THE TASK: Take the lines below from the one with "トートバッグは、A4サイズの" through the one with "Your wealth and" and retype them exactly. Include nothing else, and no pictures.

DATA SECTION:
○ ○ ○

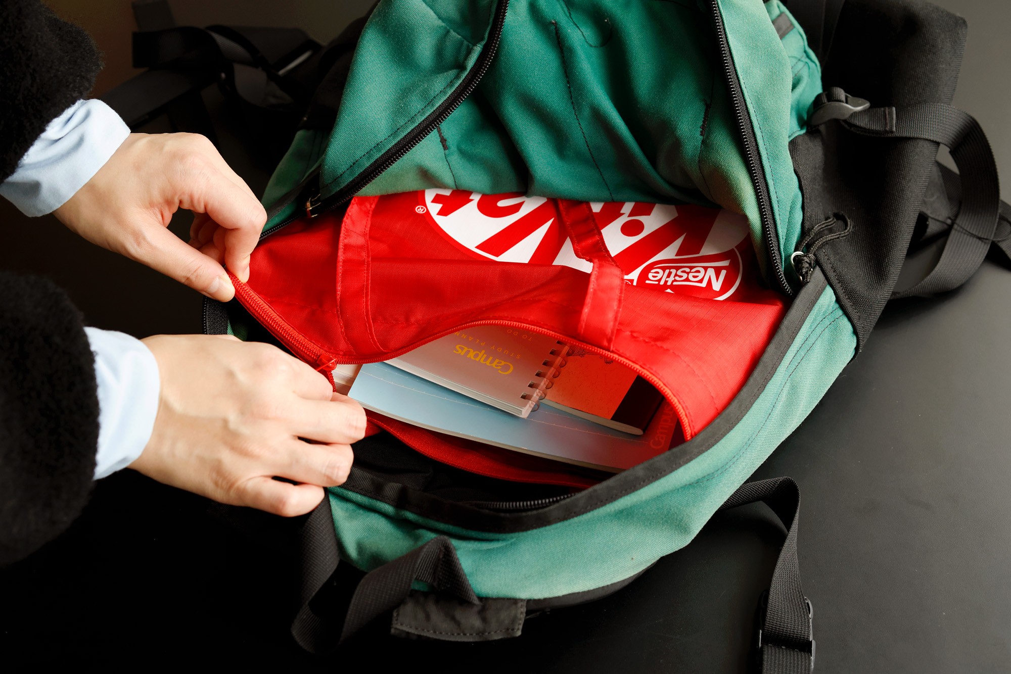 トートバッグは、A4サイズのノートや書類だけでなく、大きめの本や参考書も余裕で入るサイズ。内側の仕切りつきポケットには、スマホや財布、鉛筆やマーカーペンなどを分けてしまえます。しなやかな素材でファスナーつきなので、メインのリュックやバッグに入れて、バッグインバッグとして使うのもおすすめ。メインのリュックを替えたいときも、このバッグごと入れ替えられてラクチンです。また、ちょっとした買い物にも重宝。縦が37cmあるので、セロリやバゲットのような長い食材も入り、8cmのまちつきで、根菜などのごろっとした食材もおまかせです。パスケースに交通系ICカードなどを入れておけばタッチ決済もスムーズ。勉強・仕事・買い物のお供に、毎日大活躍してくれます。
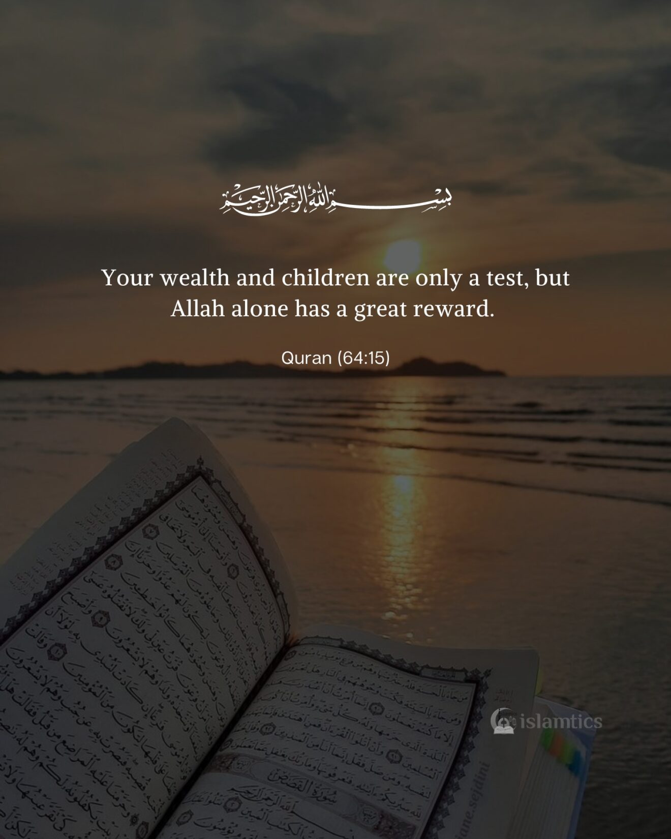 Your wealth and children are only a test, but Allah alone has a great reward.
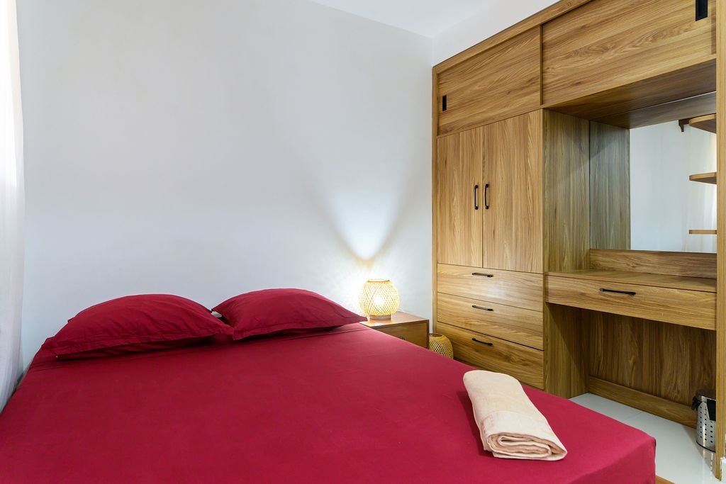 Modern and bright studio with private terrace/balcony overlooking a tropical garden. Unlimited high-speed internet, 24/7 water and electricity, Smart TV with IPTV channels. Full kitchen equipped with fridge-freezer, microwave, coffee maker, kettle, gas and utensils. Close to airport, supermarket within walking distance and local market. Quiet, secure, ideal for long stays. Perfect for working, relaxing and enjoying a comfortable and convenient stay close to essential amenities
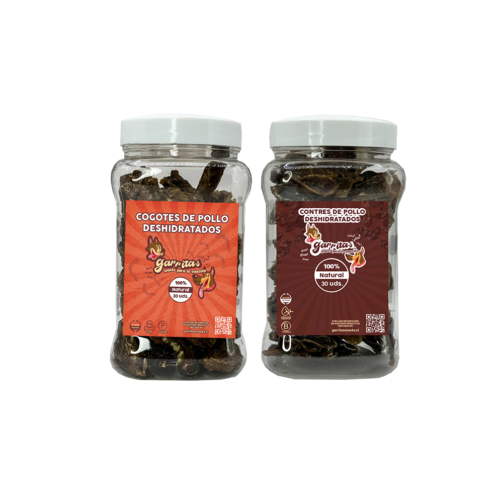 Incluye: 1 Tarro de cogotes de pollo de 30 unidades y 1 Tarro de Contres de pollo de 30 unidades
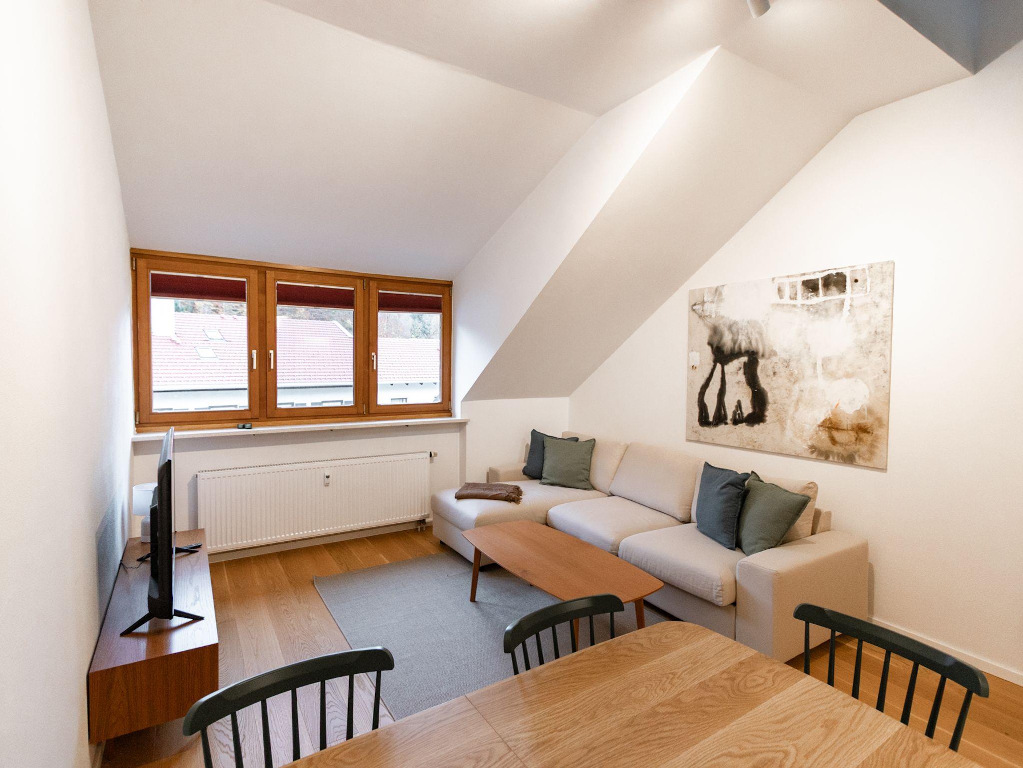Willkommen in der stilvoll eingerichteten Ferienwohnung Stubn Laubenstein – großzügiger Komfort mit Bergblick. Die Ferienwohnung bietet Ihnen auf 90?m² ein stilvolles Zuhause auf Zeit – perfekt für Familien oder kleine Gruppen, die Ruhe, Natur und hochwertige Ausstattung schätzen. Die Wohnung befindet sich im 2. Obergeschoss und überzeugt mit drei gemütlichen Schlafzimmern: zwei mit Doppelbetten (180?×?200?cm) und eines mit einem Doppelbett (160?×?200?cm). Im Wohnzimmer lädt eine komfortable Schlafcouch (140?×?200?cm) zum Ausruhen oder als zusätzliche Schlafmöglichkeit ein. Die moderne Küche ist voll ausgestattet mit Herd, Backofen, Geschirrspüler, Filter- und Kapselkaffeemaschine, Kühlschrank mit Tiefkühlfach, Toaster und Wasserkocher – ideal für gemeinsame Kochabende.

○ ○ ○

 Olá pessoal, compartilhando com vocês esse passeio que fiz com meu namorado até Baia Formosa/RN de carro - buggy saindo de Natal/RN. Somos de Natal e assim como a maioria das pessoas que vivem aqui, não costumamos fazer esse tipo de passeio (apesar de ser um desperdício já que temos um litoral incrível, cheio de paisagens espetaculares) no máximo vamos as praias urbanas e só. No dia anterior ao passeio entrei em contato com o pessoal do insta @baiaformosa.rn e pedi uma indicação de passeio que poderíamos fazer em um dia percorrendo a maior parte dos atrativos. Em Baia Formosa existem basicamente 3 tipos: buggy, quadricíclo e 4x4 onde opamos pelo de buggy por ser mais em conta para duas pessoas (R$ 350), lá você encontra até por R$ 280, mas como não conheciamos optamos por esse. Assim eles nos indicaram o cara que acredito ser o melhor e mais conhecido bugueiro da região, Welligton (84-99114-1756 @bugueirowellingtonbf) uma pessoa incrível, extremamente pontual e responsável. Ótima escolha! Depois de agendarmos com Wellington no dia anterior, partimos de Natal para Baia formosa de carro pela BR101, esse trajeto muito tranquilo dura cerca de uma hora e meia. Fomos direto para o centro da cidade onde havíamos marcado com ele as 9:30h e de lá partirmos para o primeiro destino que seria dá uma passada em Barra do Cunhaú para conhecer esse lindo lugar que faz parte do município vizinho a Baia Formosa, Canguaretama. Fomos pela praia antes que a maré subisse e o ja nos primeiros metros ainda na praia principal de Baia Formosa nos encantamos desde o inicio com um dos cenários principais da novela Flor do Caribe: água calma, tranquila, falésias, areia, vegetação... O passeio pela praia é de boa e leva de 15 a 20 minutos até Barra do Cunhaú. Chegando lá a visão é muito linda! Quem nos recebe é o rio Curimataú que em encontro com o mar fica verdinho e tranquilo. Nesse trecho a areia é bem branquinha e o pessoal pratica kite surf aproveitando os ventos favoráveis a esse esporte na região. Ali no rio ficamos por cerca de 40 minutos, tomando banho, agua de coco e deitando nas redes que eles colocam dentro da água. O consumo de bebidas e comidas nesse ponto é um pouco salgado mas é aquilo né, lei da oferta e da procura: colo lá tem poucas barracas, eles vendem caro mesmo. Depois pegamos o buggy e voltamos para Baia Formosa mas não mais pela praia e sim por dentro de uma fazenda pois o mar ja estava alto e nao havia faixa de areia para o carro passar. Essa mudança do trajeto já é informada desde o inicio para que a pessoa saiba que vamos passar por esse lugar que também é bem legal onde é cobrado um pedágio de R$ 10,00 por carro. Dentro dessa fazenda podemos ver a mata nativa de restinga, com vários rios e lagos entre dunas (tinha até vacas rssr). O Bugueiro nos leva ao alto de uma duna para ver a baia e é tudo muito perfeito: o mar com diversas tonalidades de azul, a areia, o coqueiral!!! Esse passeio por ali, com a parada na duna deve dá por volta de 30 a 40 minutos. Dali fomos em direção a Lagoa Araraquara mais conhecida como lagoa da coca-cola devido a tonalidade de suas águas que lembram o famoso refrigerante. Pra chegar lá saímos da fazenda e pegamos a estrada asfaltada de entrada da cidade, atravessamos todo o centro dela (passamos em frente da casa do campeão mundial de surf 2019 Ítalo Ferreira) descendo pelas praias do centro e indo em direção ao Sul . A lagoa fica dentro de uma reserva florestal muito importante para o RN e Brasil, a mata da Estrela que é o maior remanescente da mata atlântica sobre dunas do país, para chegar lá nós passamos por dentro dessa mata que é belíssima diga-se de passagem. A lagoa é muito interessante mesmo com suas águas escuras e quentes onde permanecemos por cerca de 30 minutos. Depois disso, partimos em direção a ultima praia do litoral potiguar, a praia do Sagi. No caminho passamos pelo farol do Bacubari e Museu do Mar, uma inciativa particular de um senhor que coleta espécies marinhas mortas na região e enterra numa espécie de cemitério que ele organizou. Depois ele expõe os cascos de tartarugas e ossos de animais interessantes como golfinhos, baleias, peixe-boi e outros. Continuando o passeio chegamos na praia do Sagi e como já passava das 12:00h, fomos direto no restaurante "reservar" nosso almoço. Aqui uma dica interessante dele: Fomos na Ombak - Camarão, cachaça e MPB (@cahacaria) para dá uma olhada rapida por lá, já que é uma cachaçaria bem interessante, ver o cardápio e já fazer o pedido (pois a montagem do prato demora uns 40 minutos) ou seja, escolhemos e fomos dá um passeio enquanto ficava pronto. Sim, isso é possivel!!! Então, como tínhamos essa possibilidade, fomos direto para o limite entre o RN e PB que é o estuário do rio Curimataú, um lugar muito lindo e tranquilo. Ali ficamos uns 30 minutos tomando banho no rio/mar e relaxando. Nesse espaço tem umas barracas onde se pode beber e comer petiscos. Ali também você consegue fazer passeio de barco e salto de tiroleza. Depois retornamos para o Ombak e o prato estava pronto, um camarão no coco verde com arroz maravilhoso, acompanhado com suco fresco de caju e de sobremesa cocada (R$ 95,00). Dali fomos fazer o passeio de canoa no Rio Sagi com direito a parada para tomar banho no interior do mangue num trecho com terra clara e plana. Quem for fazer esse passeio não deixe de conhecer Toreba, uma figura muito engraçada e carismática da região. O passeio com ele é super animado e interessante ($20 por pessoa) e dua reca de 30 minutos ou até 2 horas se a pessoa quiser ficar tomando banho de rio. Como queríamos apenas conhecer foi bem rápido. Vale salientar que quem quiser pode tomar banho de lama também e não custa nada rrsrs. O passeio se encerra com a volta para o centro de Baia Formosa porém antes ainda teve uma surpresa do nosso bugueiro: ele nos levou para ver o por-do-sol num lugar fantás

○ ○ ○

TASK RESPONSE:
 トートバッグは、A4サイズのノートや書類だけでなく、大きめの本や参考書も余裕で入るサイズ。内側の仕切りつきポケットには、スマホや財布、鉛筆やマーカーペンなどを分けてしまえます。しなやかな素材でファスナーつきなので、メインのリュックやバッグに入れて、バッグインバッグとして使うのもおすすめ。メインのリュックを替えたいときも、このバッグごと入れ替えられてラクチンです。また、ちょっとした買い物にも重宝。縦が37cmあるので、セロリやバゲットのような長い食材も入り、8cmのまちつきで、根菜などのごろっとした食材もおまかせです。パスケースに交通系ICカードなどを入れておけばタッチ決済もスムーズ。勉強・仕事・買い物のお供に、毎日大活躍してくれます。
 Your wealth and children are only a test, but Allah alone has a great reward.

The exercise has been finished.